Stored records
--- START ---

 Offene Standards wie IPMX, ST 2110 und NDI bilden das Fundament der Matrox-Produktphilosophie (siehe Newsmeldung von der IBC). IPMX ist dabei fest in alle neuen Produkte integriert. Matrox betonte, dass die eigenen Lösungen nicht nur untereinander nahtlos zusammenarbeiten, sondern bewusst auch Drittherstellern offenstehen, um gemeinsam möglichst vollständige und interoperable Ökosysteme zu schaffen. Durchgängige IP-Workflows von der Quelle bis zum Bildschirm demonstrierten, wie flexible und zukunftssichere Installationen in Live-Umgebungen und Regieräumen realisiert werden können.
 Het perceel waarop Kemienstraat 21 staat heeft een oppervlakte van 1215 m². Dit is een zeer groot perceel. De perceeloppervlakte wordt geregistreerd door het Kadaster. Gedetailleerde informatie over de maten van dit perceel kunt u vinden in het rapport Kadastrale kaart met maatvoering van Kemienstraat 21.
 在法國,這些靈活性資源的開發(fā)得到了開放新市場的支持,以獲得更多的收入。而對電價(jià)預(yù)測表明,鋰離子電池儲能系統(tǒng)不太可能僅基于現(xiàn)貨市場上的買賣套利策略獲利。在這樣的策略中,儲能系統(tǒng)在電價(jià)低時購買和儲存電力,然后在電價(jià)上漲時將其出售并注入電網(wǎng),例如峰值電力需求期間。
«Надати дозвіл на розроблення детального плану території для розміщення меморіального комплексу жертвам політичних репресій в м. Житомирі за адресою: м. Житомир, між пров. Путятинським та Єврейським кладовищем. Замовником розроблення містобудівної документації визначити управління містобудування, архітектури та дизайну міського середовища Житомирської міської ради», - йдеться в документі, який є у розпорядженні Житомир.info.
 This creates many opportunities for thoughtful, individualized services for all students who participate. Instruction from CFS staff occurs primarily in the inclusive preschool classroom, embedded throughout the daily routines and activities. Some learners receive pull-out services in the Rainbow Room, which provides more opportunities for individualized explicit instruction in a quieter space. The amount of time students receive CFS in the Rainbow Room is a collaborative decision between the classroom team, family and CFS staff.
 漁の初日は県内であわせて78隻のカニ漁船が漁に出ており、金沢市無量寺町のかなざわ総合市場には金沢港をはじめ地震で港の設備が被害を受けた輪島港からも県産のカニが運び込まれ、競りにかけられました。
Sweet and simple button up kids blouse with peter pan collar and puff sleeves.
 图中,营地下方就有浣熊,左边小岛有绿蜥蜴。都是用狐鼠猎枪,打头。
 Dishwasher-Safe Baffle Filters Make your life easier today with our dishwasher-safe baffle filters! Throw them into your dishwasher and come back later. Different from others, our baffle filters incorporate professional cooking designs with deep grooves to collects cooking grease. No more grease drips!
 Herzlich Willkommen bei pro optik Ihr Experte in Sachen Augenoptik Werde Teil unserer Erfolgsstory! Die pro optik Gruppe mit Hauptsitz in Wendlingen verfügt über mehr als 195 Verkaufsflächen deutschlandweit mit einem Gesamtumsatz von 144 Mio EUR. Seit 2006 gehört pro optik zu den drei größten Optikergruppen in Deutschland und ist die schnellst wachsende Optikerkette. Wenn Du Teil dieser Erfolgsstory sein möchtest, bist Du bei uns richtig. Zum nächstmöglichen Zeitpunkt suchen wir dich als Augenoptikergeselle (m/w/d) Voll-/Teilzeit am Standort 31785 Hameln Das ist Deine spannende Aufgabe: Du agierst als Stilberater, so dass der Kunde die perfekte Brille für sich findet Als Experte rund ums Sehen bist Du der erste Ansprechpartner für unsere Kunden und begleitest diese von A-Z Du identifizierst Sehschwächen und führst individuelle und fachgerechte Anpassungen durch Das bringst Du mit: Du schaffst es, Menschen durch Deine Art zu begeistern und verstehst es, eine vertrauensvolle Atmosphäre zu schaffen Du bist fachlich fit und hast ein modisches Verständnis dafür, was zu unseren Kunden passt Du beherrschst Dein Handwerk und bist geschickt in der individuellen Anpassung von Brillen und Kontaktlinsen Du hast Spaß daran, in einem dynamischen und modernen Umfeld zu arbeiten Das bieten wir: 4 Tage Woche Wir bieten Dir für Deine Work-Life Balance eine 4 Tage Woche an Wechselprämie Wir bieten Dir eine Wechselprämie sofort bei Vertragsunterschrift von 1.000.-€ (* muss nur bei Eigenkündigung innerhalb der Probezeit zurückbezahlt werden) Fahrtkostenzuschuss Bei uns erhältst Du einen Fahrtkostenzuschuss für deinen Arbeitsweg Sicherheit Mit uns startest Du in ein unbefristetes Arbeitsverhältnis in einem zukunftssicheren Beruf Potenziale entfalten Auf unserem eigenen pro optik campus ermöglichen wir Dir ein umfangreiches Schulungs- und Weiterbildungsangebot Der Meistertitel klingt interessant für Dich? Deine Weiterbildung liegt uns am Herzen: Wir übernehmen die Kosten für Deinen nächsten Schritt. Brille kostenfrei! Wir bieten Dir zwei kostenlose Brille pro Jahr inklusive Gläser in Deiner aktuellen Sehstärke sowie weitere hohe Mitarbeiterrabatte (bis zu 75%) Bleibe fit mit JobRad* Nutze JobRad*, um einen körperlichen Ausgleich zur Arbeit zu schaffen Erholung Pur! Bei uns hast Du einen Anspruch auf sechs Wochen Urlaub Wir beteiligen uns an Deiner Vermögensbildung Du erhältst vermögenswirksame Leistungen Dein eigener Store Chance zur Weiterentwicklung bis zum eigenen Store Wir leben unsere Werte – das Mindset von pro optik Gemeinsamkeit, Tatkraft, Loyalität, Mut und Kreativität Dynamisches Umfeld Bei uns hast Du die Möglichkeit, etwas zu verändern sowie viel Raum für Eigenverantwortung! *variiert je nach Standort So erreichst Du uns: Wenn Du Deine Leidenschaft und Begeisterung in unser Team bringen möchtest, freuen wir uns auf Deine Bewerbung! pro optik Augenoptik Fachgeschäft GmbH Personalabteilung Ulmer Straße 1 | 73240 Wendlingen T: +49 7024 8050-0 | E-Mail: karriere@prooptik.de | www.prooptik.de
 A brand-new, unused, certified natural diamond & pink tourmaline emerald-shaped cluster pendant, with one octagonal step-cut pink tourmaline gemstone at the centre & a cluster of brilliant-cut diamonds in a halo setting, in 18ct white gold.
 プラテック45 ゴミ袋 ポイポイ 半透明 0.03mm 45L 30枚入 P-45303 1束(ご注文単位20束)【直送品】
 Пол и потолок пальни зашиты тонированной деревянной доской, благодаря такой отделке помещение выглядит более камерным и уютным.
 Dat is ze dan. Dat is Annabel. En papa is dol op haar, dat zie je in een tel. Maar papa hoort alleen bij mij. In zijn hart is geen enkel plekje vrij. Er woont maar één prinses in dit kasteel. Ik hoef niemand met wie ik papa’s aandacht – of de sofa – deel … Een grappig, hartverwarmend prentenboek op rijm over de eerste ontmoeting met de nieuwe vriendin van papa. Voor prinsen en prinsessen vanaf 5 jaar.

--- END ---

ASSIGNED TASK -> Scan the entries above for the line containing "在法國,這些靈活性資源的開發", and copy it and all lines after it exactly, down to and including the line containing "у розпорядженні Житомир.info.".

REPLY ->
 在法國,這些靈活性資源的開發(fā)得到了開放新市場的支持,以獲得更多的收入。而對電價(jià)預(yù)測表明,鋰離子電池儲能系統(tǒng)不太可能僅基于現(xiàn)貨市場上的買賣套利策略獲利。在這樣的策略中,儲能系統(tǒng)在電價(jià)低時購買和儲存電力,然后在電價(jià)上漲時將其出售并注入電網(wǎng),例如峰值電力需求期間。
«Надати дозвіл на розроблення детального плану території для розміщення меморіального комплексу жертвам політичних репресій в м. Житомирі за адресою: м. Житомир, між пров. Путятинським та Єврейським кладовищем. Замовником розроблення містобудівної документації визначити управління містобудування, архітектури та дизайну міського середовища Житомирської міської ради», - йдеться в документі, який є у розпорядженні Житомир.info.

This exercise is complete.